*EXERCISE PROMPT:*
Write out the listing from the line with "- łazienka z" to the line with "No wardrobe is", both lines included, exactly and nothing beyond. Leave pictures out.

*THE DATA:*
......

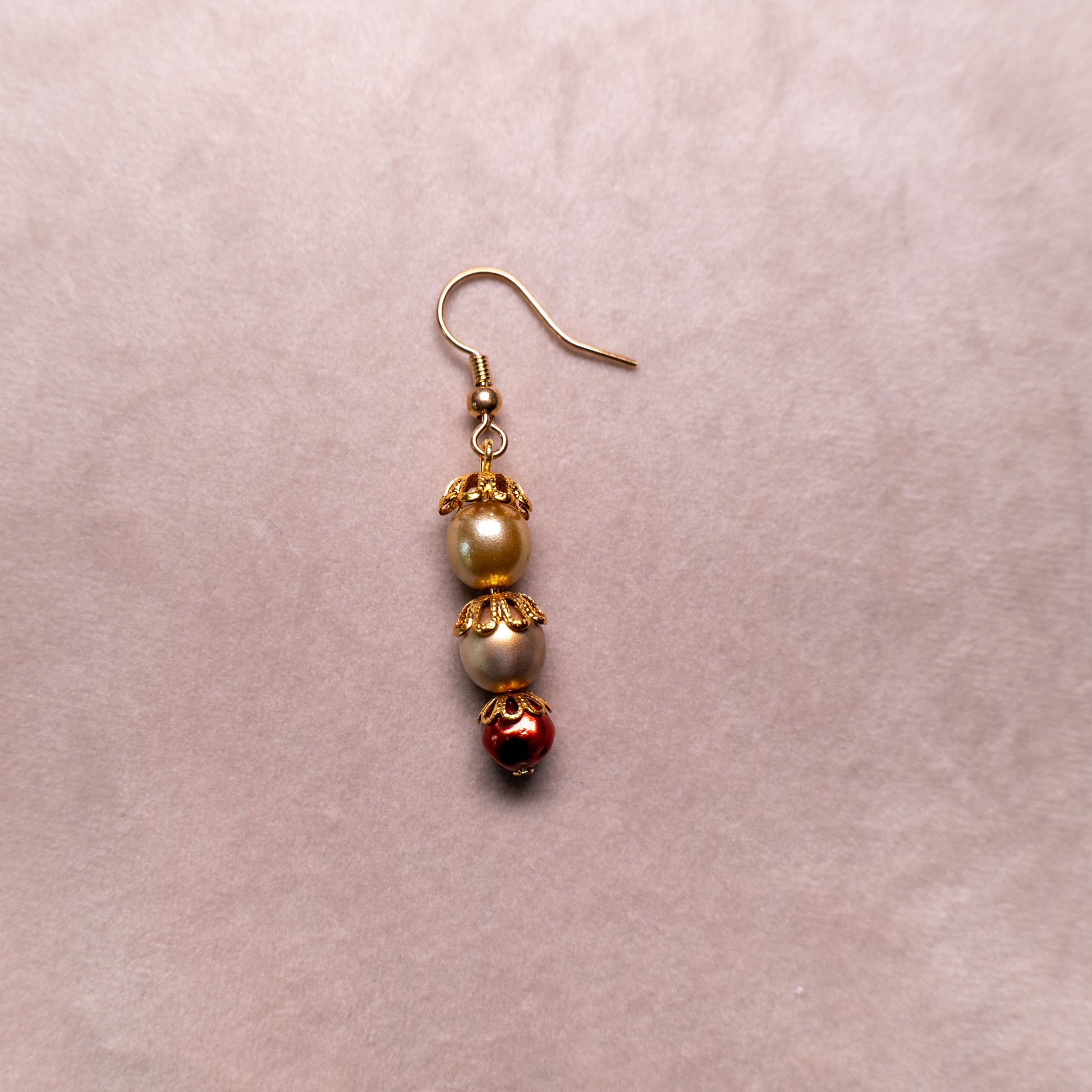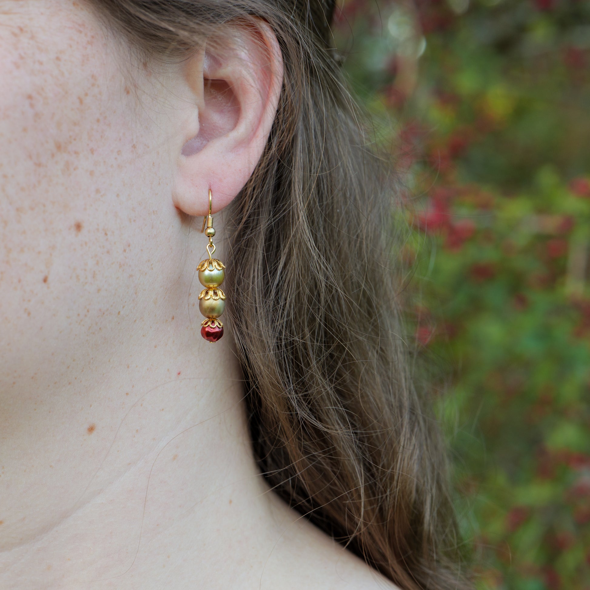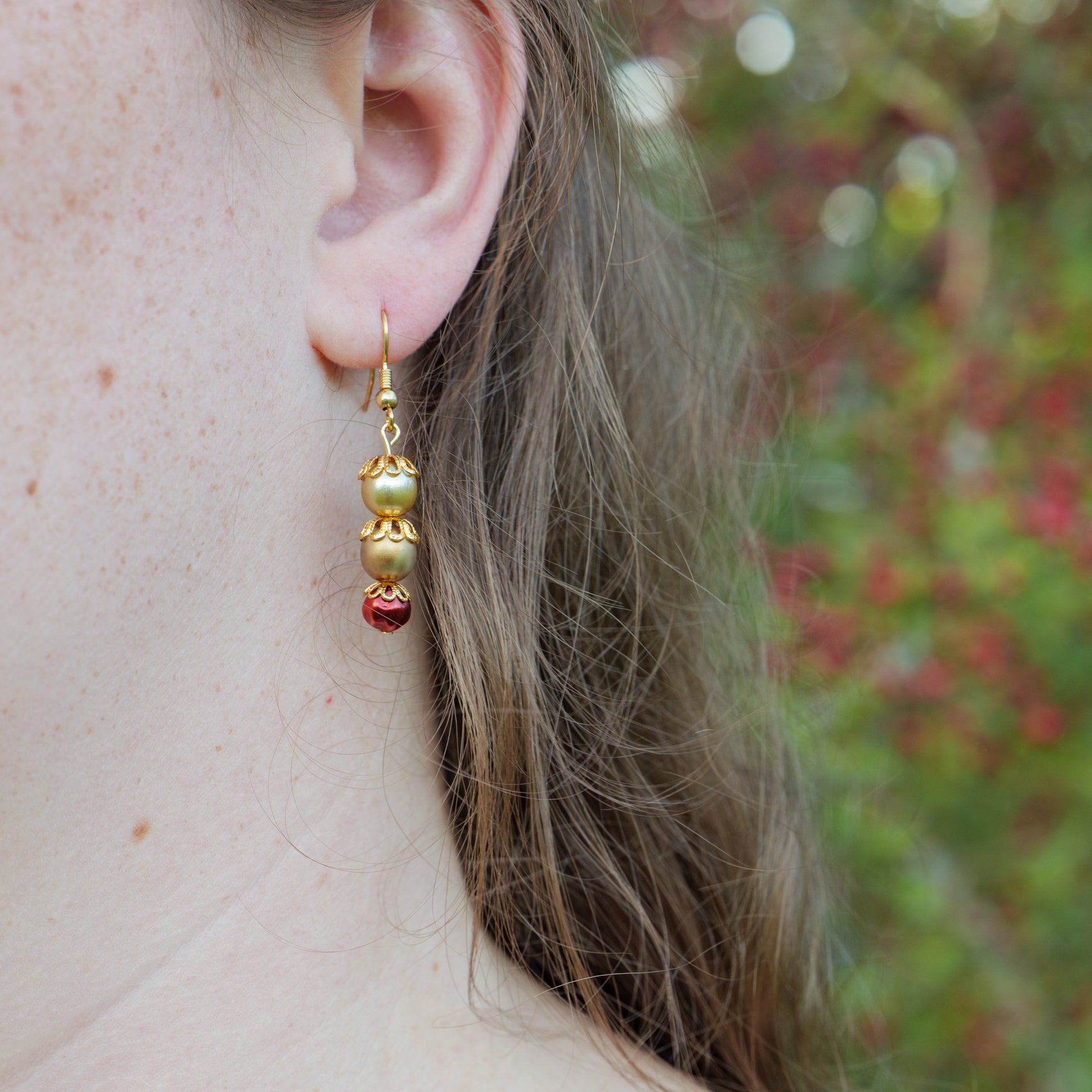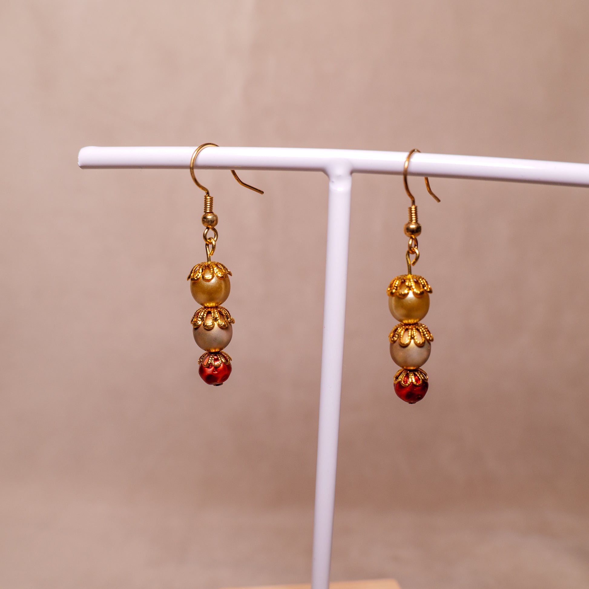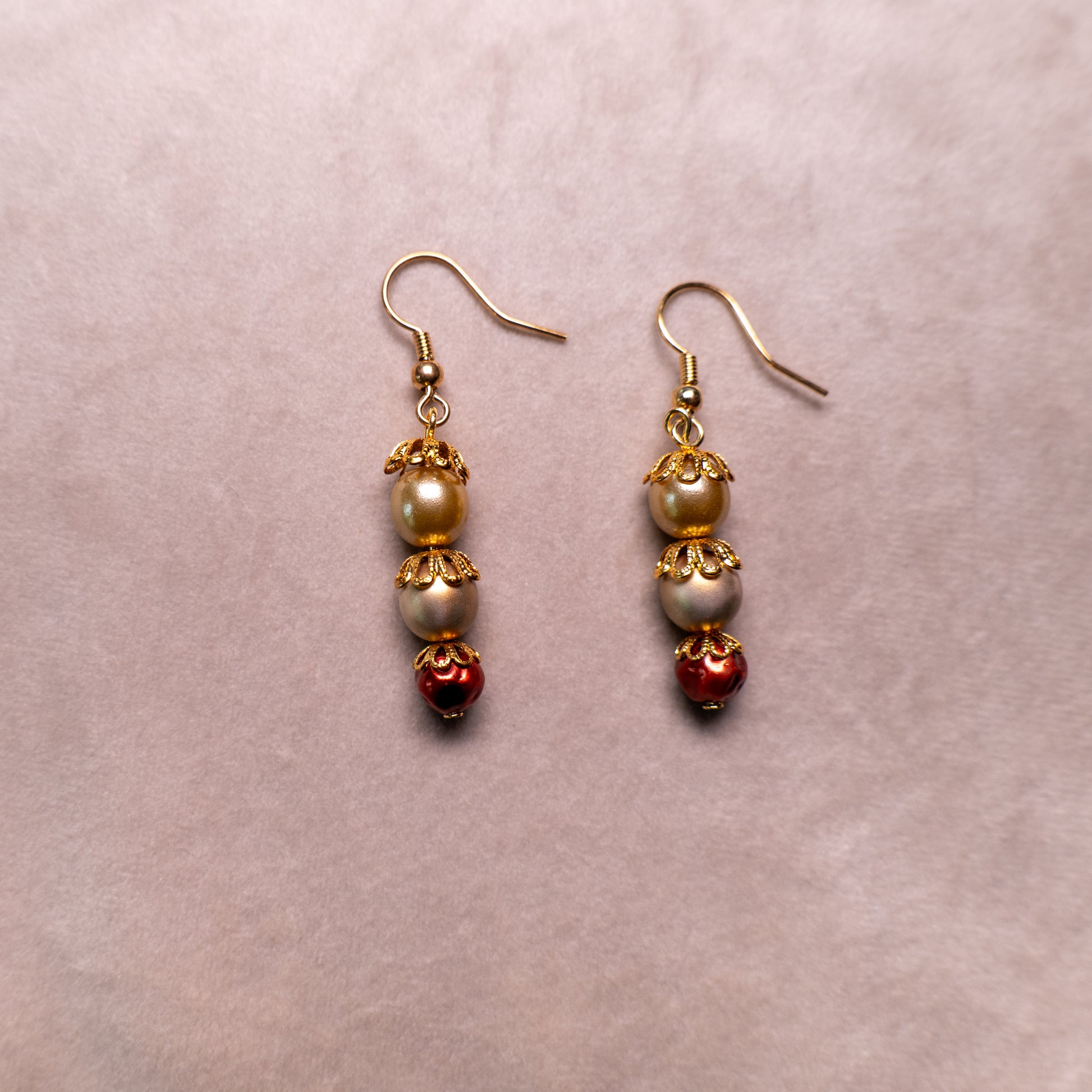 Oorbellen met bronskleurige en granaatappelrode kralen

......

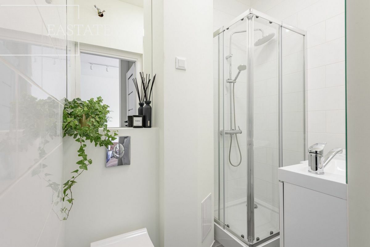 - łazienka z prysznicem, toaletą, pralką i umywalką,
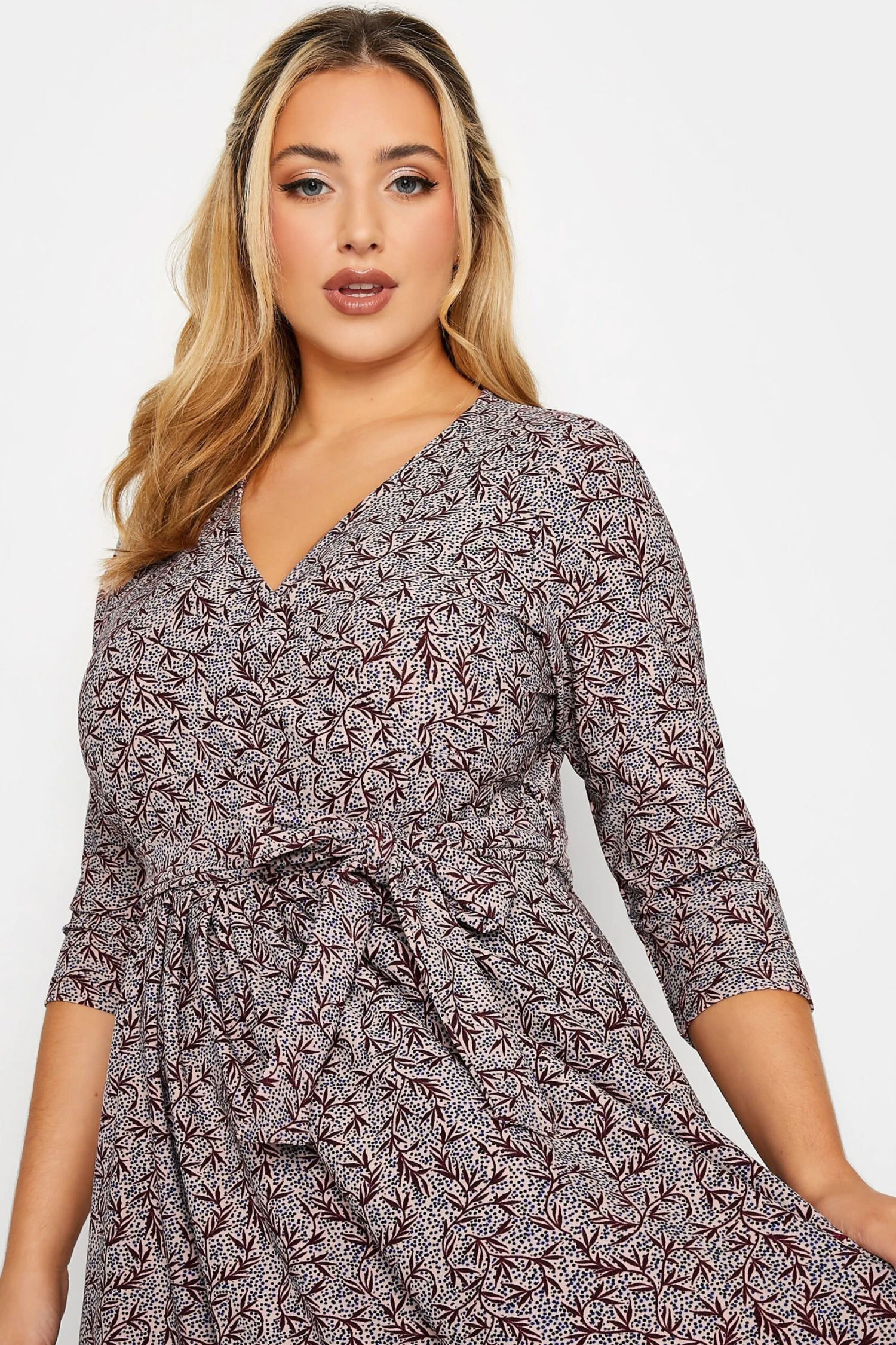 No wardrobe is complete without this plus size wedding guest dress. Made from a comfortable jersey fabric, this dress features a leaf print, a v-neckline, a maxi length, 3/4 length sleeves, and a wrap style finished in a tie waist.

......

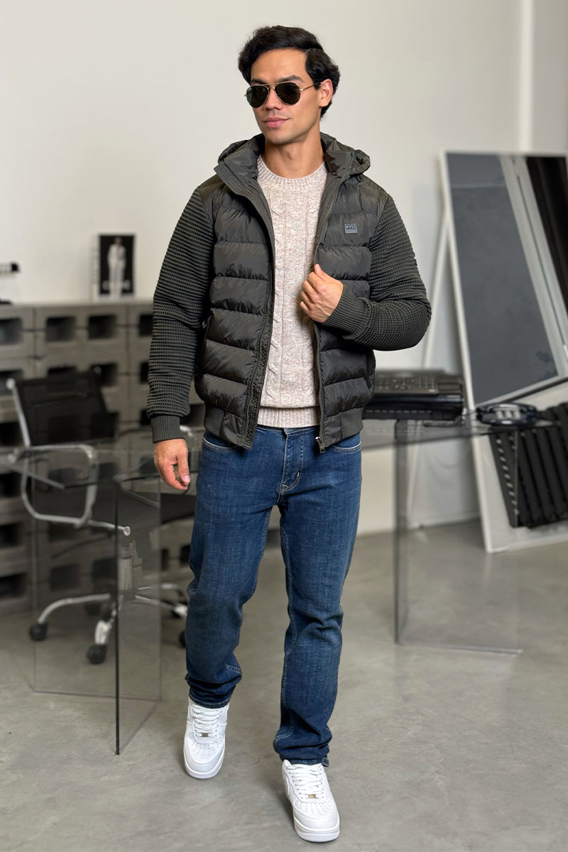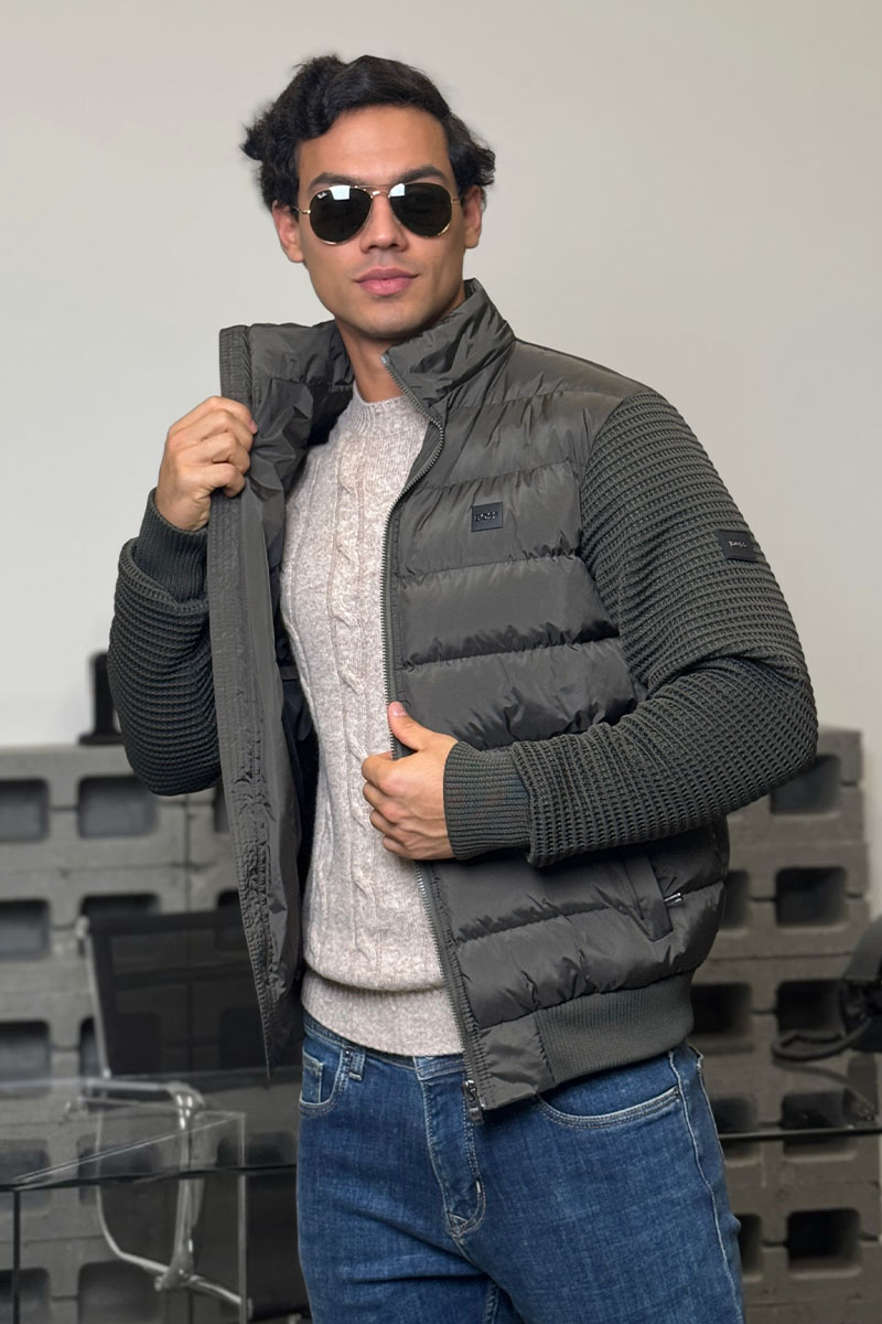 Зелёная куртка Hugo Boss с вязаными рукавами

......

*ANSWER SPACE:*
 - łazienka z prysznicem, toaletą, pralką i umywalką,
 No wardrobe is complete without this plus size wedding guest dress. Made from a comfortable jersey fabric, this dress features a leaf print, a v-neckline, a maxi length, 3/4 length sleeves, and a wrap style finished in a tie waist.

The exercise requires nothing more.